++++ DATA FOR PROCESSING ++++
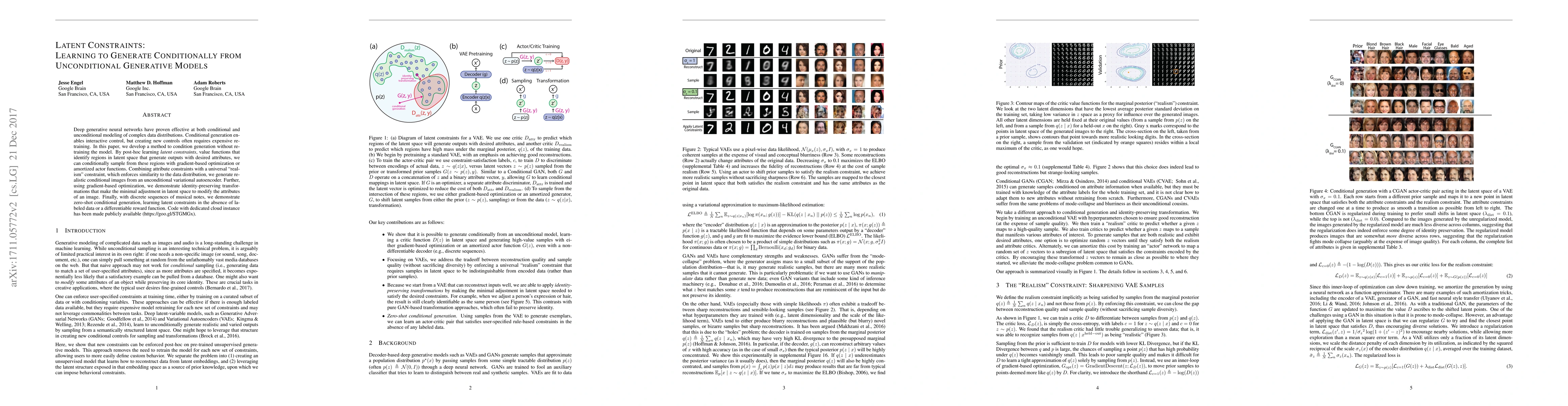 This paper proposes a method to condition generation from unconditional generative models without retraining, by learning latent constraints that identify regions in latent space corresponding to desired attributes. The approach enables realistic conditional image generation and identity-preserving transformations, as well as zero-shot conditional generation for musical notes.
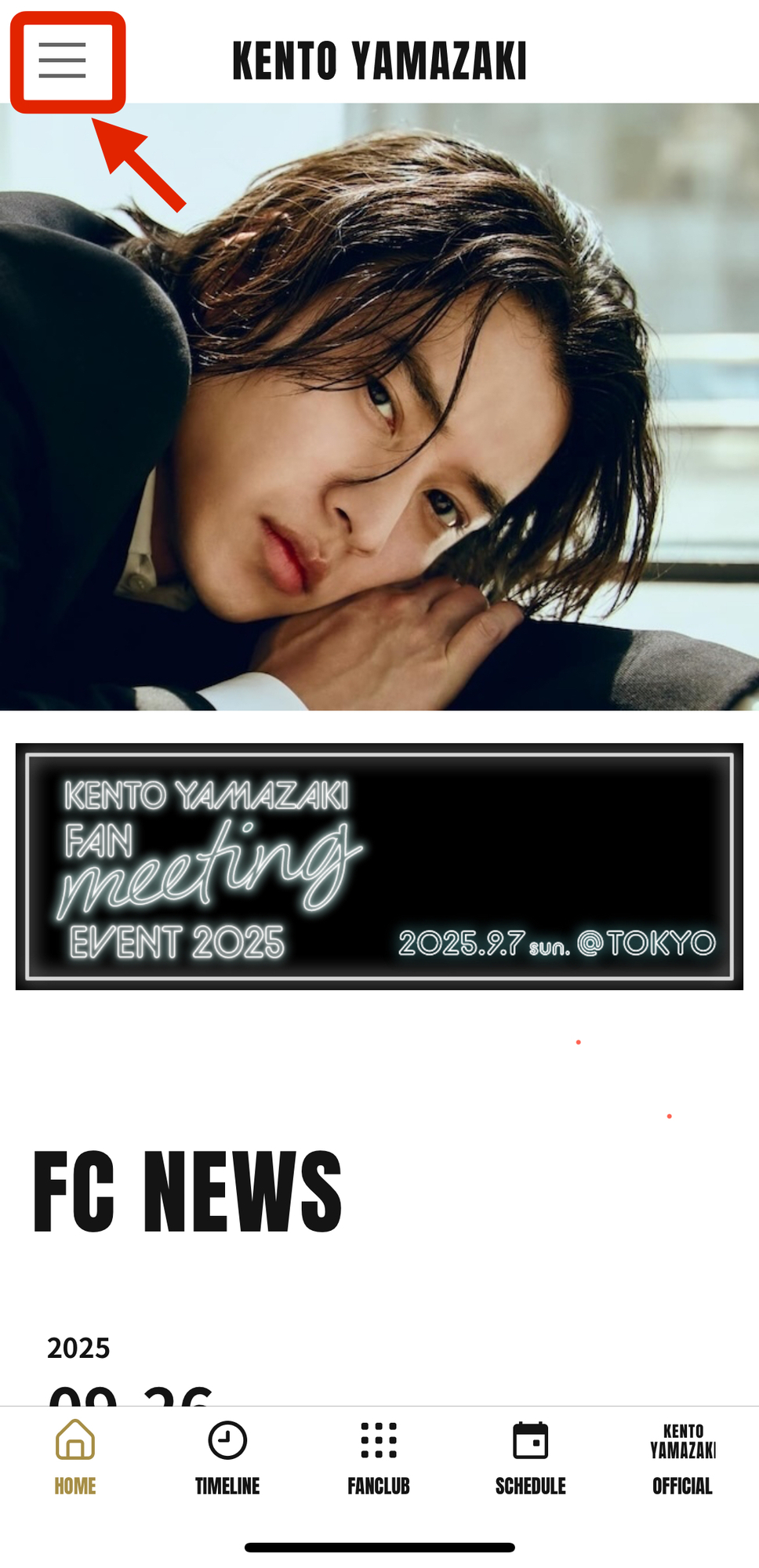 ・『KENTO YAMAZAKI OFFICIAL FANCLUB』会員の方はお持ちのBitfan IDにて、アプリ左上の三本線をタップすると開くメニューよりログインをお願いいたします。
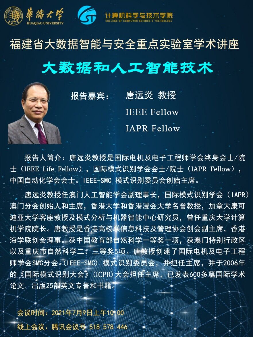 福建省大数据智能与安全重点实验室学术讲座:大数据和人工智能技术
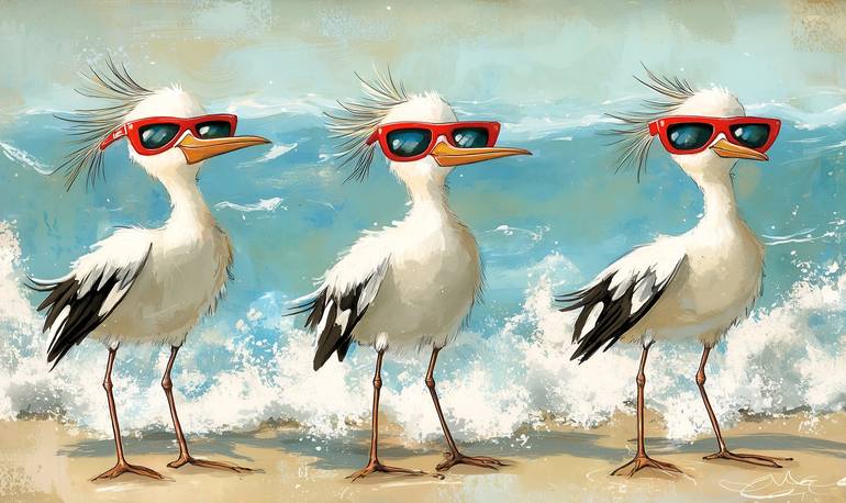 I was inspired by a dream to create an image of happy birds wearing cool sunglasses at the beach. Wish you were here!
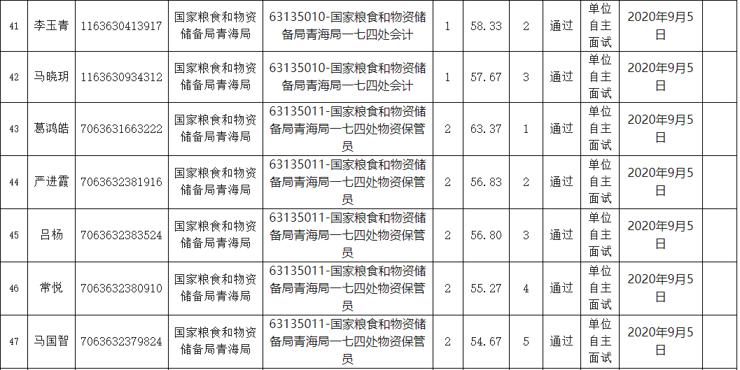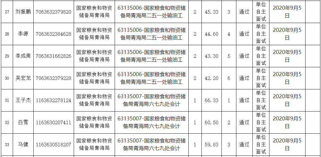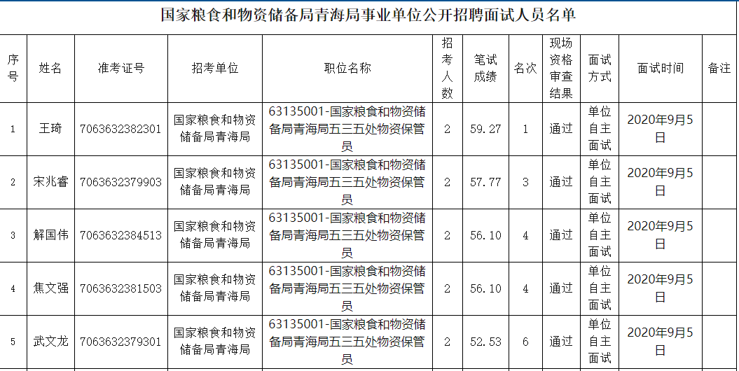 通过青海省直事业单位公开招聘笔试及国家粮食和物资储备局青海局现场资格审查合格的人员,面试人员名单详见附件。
++++
++++ DATA FOR PROCESSING ++++
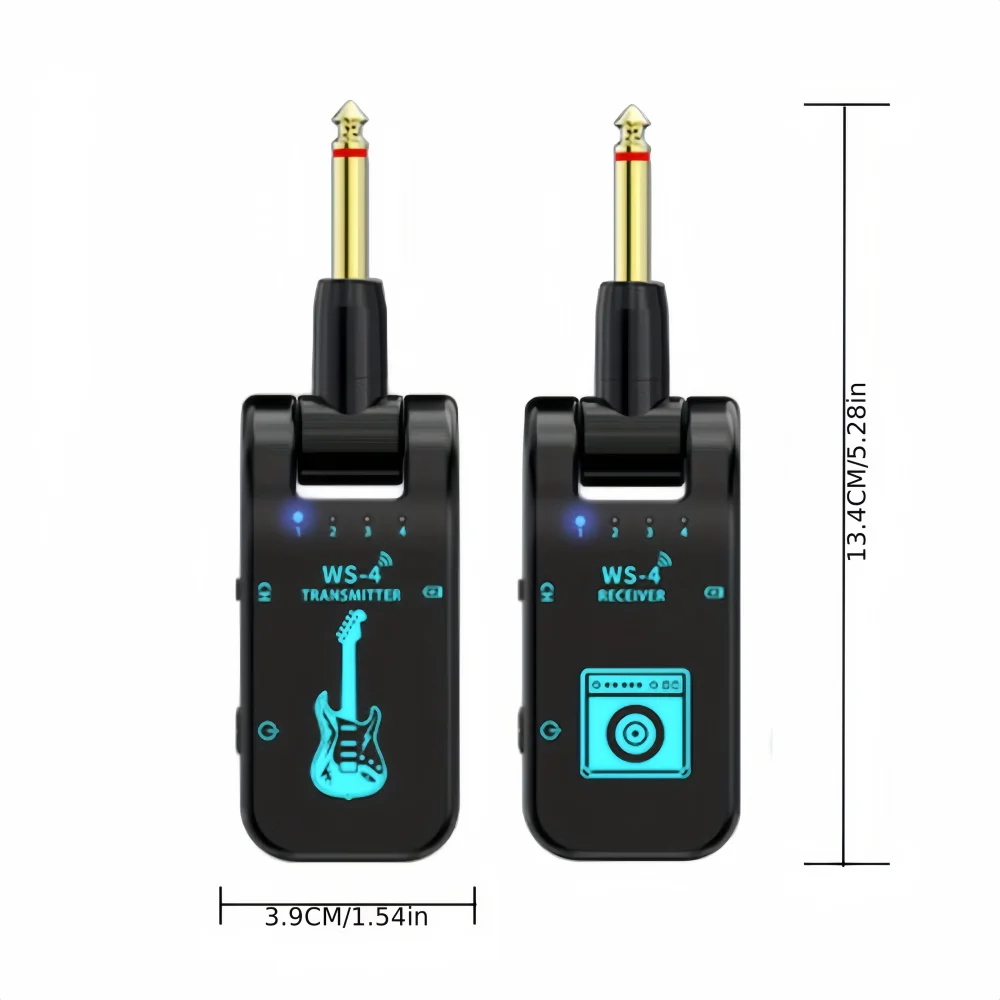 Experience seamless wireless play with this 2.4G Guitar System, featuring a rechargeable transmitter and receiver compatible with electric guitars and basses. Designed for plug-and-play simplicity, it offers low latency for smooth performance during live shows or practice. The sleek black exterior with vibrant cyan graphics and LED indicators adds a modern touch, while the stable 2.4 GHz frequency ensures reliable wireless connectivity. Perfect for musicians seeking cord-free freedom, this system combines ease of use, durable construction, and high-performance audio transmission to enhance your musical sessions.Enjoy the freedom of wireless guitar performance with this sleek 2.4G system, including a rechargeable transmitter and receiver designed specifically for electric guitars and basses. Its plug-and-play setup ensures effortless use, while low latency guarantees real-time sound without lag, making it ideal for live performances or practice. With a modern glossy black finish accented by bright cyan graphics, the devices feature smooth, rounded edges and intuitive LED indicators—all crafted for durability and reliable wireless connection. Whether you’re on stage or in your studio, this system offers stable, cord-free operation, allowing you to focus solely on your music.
++++
> DIRECTIONS:
Given the entries above, transcribe exactly the lines from the one holding "This paper proposes" through the one holding "通过青海省直事业单位公开招聘"; pictures do not belong in the transcription.

> PROBLEM SOLUTION:
 This paper proposes a method to condition generation from unconditional generative models without retraining, by learning latent constraints that identify regions in latent space corresponding to desired attributes. The approach enables realistic conditional image generation and identity-preserving transformations, as well as zero-shot conditional generation for musical notes.
 ・『KENTO YAMAZAKI OFFICIAL FANCLUB』会員の方はお持ちのBitfan IDにて、アプリ左上の三本線をタップすると開くメニューよりログインをお願いいたします。
 福建省大数据智能与安全重点实验室学术讲座:大数据和人工智能技术
 I was inspired by a dream to create an image of happy birds wearing cool sunglasses at the beach. Wish you were here!
 通过青海省直事业单位公开招聘笔试及国家粮食和物资储备局青海局现场资格审查合格的人员,面试人员名单详见附件。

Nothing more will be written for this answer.